NewsBite

commentary
Adam Creighton

RBA balancing act on an uncertain high wire

Adam Creighton
Reserve Bank deputy governor Guy Debelle. Picture: John Feder
Reserve Bank deputy governor Guy Debelle. Picture: John Feder

Up, down or no change. Predicting central bank policy used to be relatively straightforward.

Investors and professional central bank watchers would try to work out what it meant for the official interest rate.

With rates basically at zero, and probably going nowhere for a long time, it’s become a lot harder to know what the central bank is going to do.

Reserve Bank deputy governor Guy Debelle on Tuesday laid out four options for the period ahead: foreign exchange intervention, one final cut in the official cash rate (probably from the prevailing 0.25 per cent to 0.1 per cent), buying more bonds (possibly of different durations) from the government, or possibly taking official rates negative.

There are even more levers, truth be told: the Term Funding Facility, a line of credit available to banks, already jacked up to $200bn last month from $90bn, could be tweaked further.

The interest rate paid on commercial banks’ deposits with the RBA, currently 0.1 per cent, could be changed. Then there’s “forward guidance” —– promising to do things — or even “jaw boning”, or cryptically appealing to banks, governments or markets to do other things or else.

Another official rate cut, the most likely change over the next two months, is more a case of formalising the “zero lower bound” than influencing the economy.

A 0.15-percentage-point cut will have little impact on the ­interest rates households and businesses actually pay.

The lower interest rates go, the harder it is for the commercial banks to pass them on without eroding their interest margins because they can’t pay negative interest rates on deposit accounts without customers withdrawing their money in cash.

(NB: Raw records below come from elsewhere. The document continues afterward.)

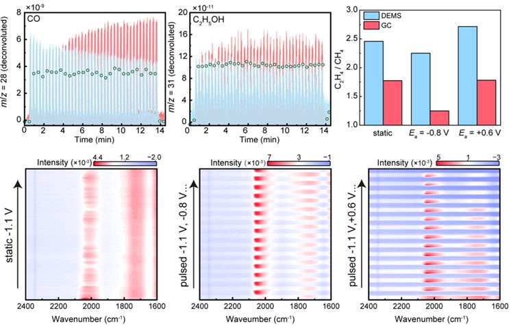电催化CO2还原反应的动力学和产物分布在很大程度上取决于阴极局部反应微环境,包括电极-电解液界面上的中间体演化,以及扩散层内的物质传输。脉冲CO2电解与固定电位下的静态电解相比,可同时调节阴极侧的电势极化和浓度极化,有效抑制析氢且提升目标产物的选择性,但其促进机制仍多有争议。对此,蒋昆团队发展了高时间分辨的在线电化学差分质谱DEMS、原位衰减全反射表面增强红外吸收光谱ATR-SEIRAS测量方法,并结合多物理场仿真,系统研究了Ag、SnO2和Cu电极上CO2脉冲电解的深层机制。
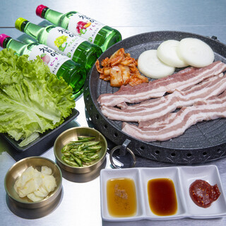 定番の韓国料理「サムギョプサル」のセットもおすすめです!お肉はジューシーな国産豚を使用。キムチ・サンチュ・特製ラー油ダレとともに食べることで、豊かな味わいが口いっぱいに広がります◎2~3人前になりますので、多彩なシーンでシェアしてお楽しみください♪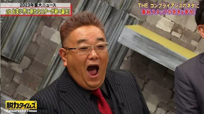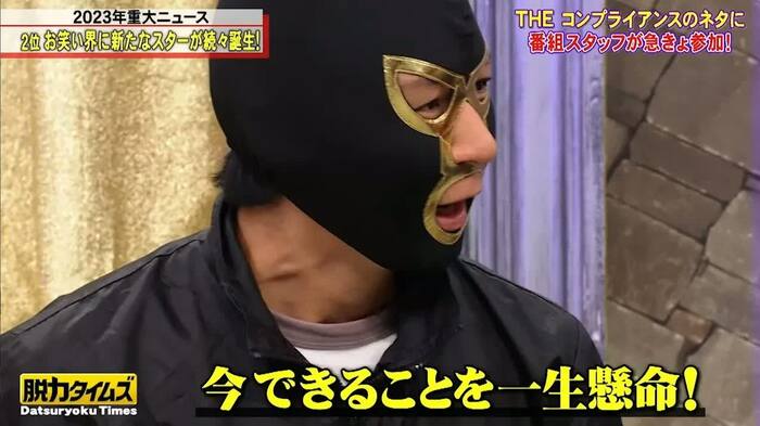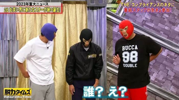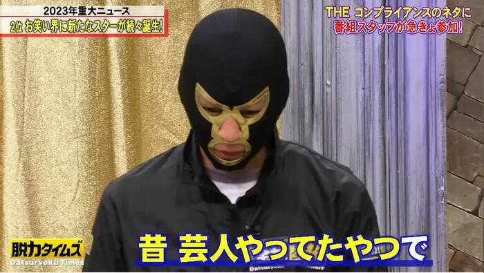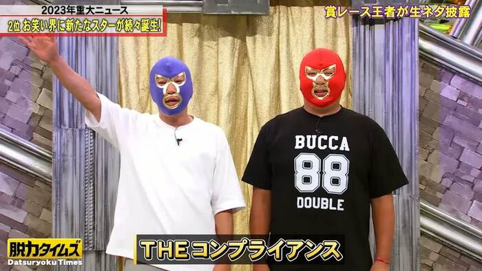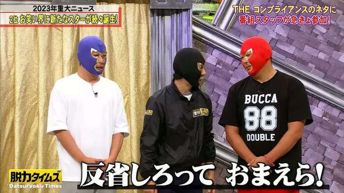 12月8日放送の『脱力タイムズ』で大きな反響を呼んだ、覆面コント芸人のTHEコンプライアンス(TKO/まもる=木本武宏さん?、やぶる=木下隆行さん?)が登場し、「暴力はアカンやろ」「もっと簡単に儲かる方法」などのきわどいワードを使ったコントを披露。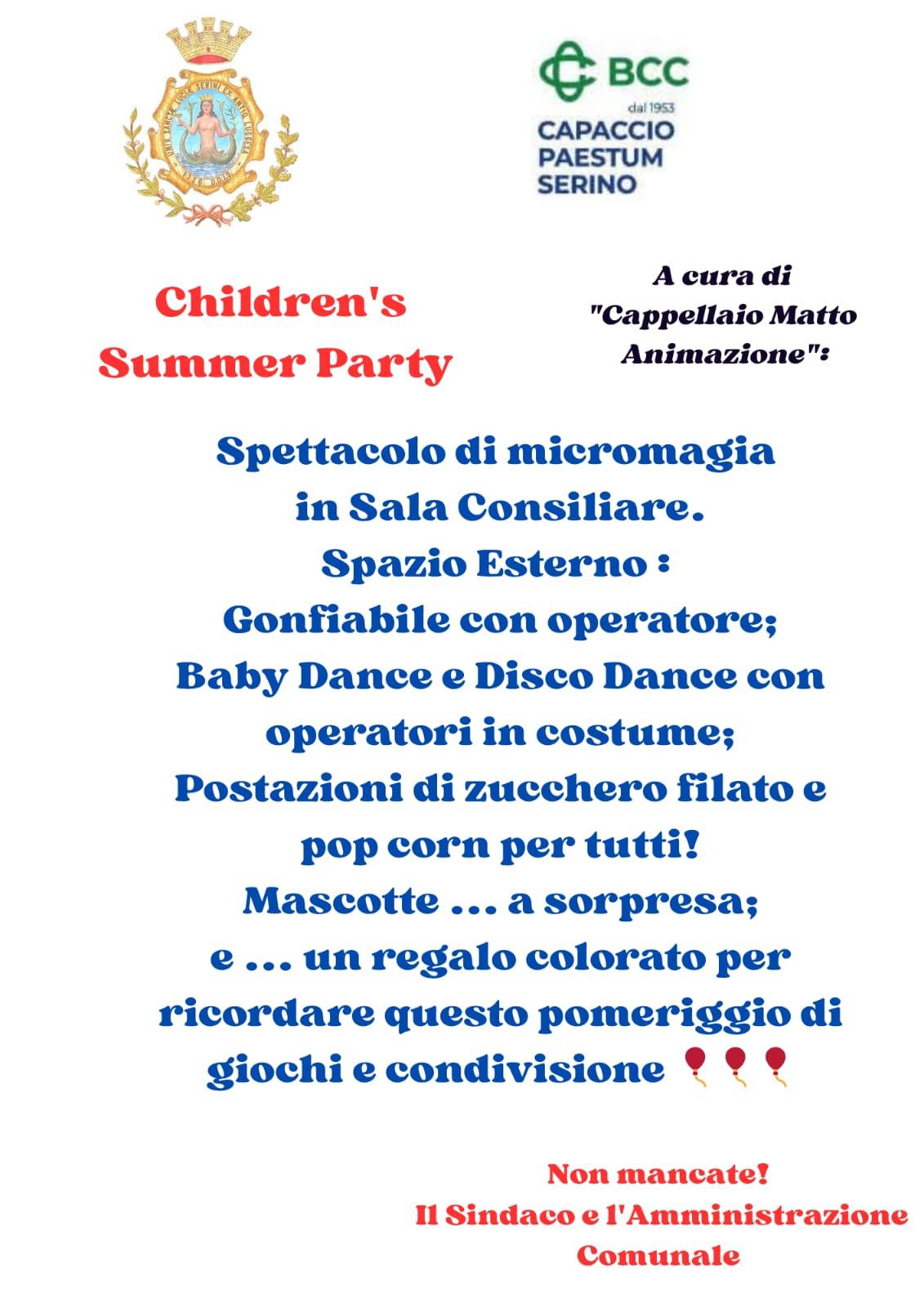 "Ogni bambino rappresenta un raggio di sole, e l’estate è il momento in cui può risplendere con maggiore intensità". I più piccoli portano luce, calore e gioia in ogni comunità, ed è proprio a loro che l’Amministrazione Comunale ha voluto dedicare un’iniziativa speciale. Con il supporto della BCC Capaccio Paestum Serino, è stato organizzato un pomeriggio all’insegna del gioco, della condivisione e dell’allegria, rivolto a bambini e bambine, ma anche agli adulti desiderosi di riscoprire lo spirito dell’infanzia.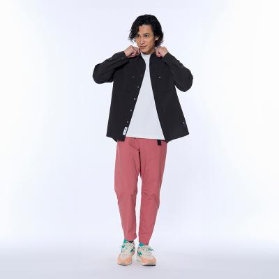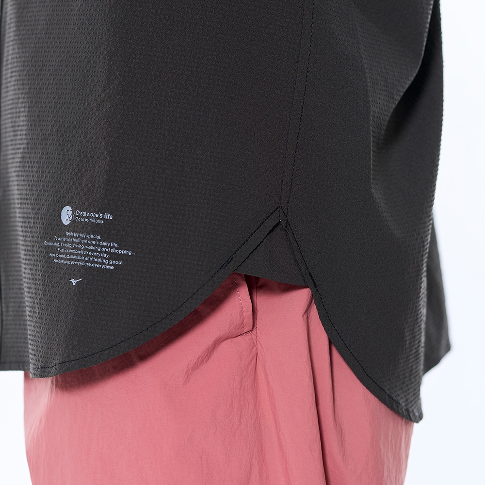 ■夏場、汗をかくと生地が肌に張り付く事がありますが、シアサッカー素材は凹凸があり肌への接点が少ない為、サラサラした感覚が得られる素材です。また伸縮性もあり、日常からアウトドアシーンに便利に使えるアイテムです。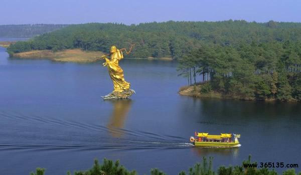 岱山湖:位于肥東縣與全椒縣交界處,東距合肥市區(qū)57km,西距江蘇省城南京市只有96km。岱山湖地屬亞熱帶氣候,溫暖濕潤,年平均氣溫15.7攝氏度,冬暖夏涼,四面青山環(huán)繞,山水交融,平均水深20米,最深處46米。水面有寬有窄,湖邊有灣有港,自成體系,具有開展各類水上項目的理想環(huán)境,湖邊山區(qū)森林覆蓋率90%以上,有400多種植物。岱山湖以其獨特的湖光山色聞名遐爾,“山不高而層巒疊嶂,水不大而氣象萬千”,勾畫出了岱山湖的景色特征。
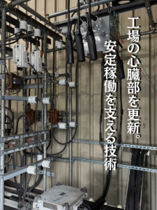 発電した電気を工場内で使うためには、キュービクル(受変電設備)への接続が不可欠です。

All this makes central bank watching a more complex pursuit, but is of little import. The ­salient fact of central banking over the past decade has been general failure to achieve inflation targets, be it here, in the US or in Europe.

Asset prices have soared, to be sure, but consumer prices have stagnated.

With an explosion of policy levers, it will be difficult to know what’s “working” and what’s not.

The era of inflation targeting via a short-term interest rate has been coming to an end for a while. The recession has killed it.

The challenge for central banks will be how to keep interest rates low, what their government owners want and need given their ballooning debt, if inflation begins to rise.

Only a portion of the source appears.